At work, we are looking into incorporating a graph database into our next generation stack. Graph database fits our business domain and business model very nicely, and a lot of our queries involve some form travarsal of relationships.

I have previous experience in Neo4j, and think it is very good at its job. On top of that, I think Cypher, the Neo4j’s query language, is well designed and intuitive. However, due to licensing issues for Neo4j, the higher-ups do not approve of using Neo4j. Then my immediate manager finds out about ArangoDB. So off I went with my teammate to evaluate ArangoDB.

What is ArangoDB

ArangoDB is a multi-model database. It supports document, key/value, and graph data models. Quite honestly, when I first read about the multi-model, I feel skeptical. Having different models could lead to compromises. That may mean ArangoDB is "jack of all trades, master of none".

Evaluation

I wrote this post before ArangoDB 3.0.0 came out. For the following evaluation, I am using version 2.8.9. The results for 3.0.0 will be posted shortly. The evaluation was done on a 15-inch MacBook Pro (mid-2014 model); the test is to determine how long does ArangoDB take to create 50,000 vertices and 49,999 edges. The test is very simple, but I discover something peculiar with ArangoDB. The evaluate code, written in Scala, can be found in this gist.

The Results

Below are the results for ArangoDB 2.8.9:

--> Creating 50000 vertices - graphCreateVertex
Elapsed time: 56748ms
--> Creating 49999 edges - graphCreateEdge
Elapsed time: 57497ms
--> Creating 50000 vertices - createDocument
Elapsed time: 9987ms
--> Creating 49999 edges - createEdge
Elapsed time: 9283ms
--> Creating 50000 vertices - createDocument (batched 100)
Elapsed time: 3520ms
--> Creating 49999 edges - createEdge (batched 100)
Elapsed time: 3942ms

As you can see, the creation times for the vertices and edges go down from around 57 seconds to around 10 seconds. With batching enabled, the numbers go down even further. All in all, the times go down from around 57s to just 4s; that is a big jump! What is surprising is the time difference between the different API calls, namely, graphCreateVertex vs. createDocument and graphCreateEdge vs. createEdge.

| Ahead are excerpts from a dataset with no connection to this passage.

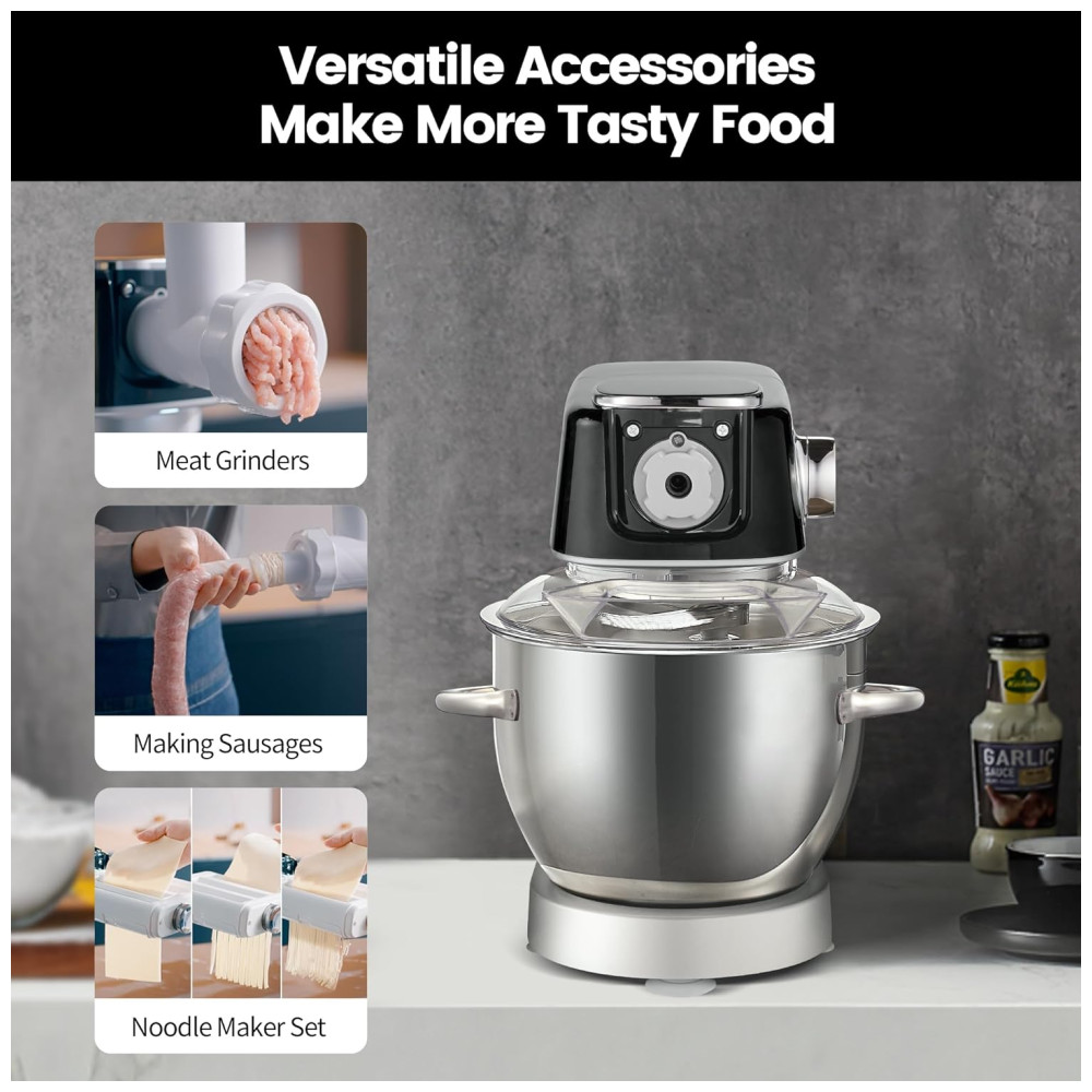 Batedeira 5L com 11 Velocidades Tigela em Aço Inoxidável e 3 Acessórios 110V 800W HAUSWIRT Preta
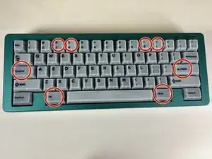 Используйте съемник колпачков, чтобы снять колпачки клавиш "3", "4", "0'", "-", "Caps Lock", "enter" и оба "alt" для доступа к винтам.
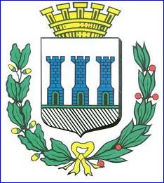 D'argent à trois tours d'azur, ouvertes et maçonnées de sable, rangées en fasce et posées sur une terrasse de sinople.

As far as I can tell, the difference between graphCreateEdge and createEdge is that the former performs validation; it makes sure the two vertices are present. Whereas the latter do not perform such validation.

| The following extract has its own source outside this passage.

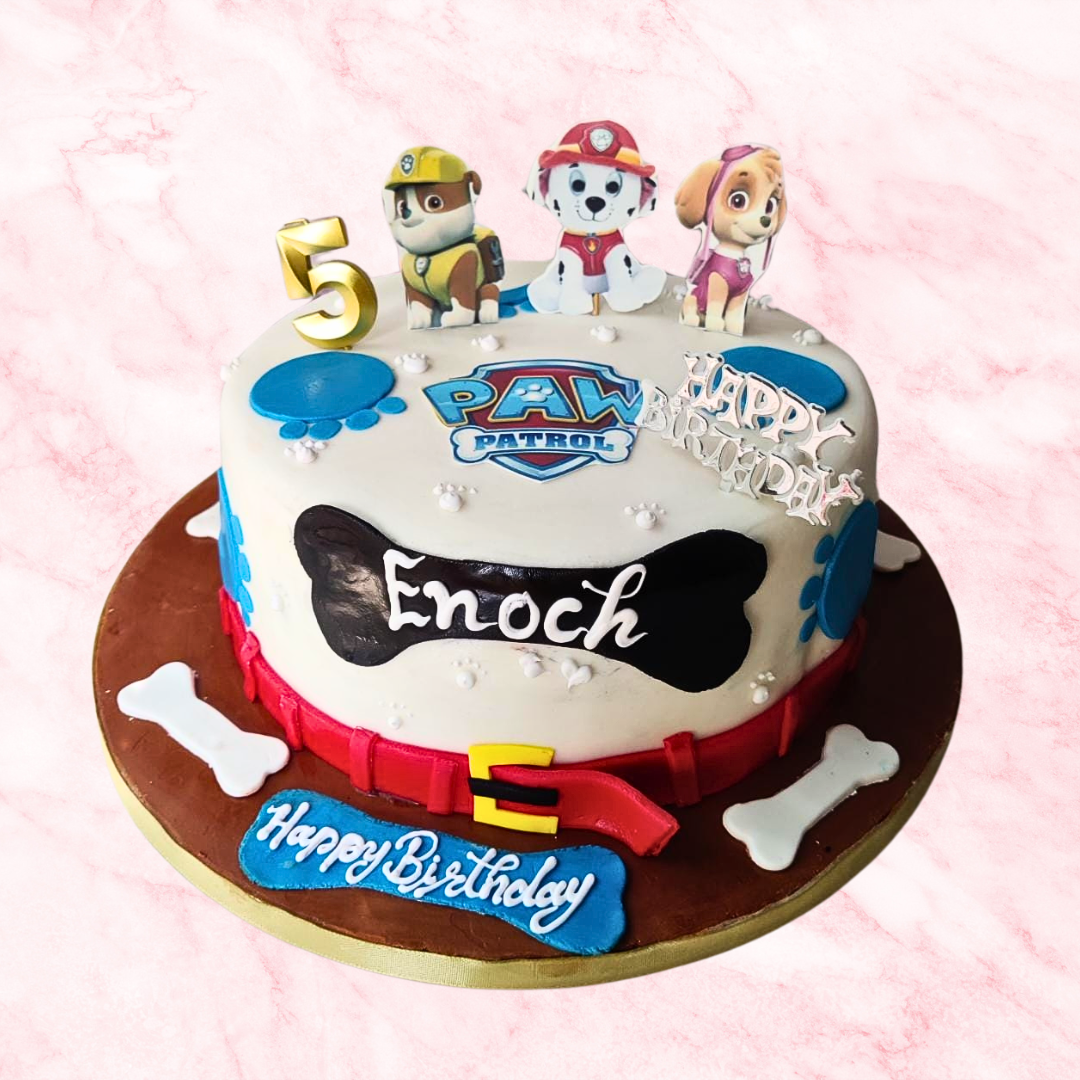 This delightful cake is perfect for a birthday celebration with a Paw Patrol theme. The bright frosting, the playful 2D fondant bones, and the character cutouts create a visually appealing and "pawesome" centerpiece that's easy to make and sure to impress any Paw Patrol fan!

However, I cannot really tell the difference between graphCreateVertex and createDocument. At first glance, one may say graphCreateVertex is for creating a vertex, and createDocument is for creating a document. However, as far as I understand, a vertex in ArangoDB is just a document. Moreover, the graph created by createDocument and createEdge, works just fine with AQL, the ArangoDB’s query language. The outcome seems to be the same, but createDocument is significantly faster than graphCreateVertex.

Closing Thoughts

Overall ArangoDB is quite capable. Aside from the few gotchas I mentioned in the previous section, everything functions as advertised, and the performance is acceptable. Being able to support different data models in ArangoDB can be convenient. Though I am only concerned with the graph capabilities. In this post, I only evaluate the graph creation time. Another metric I care about is the traversal time. I have code that measures the traversal time as well, but I will leave that for a later post.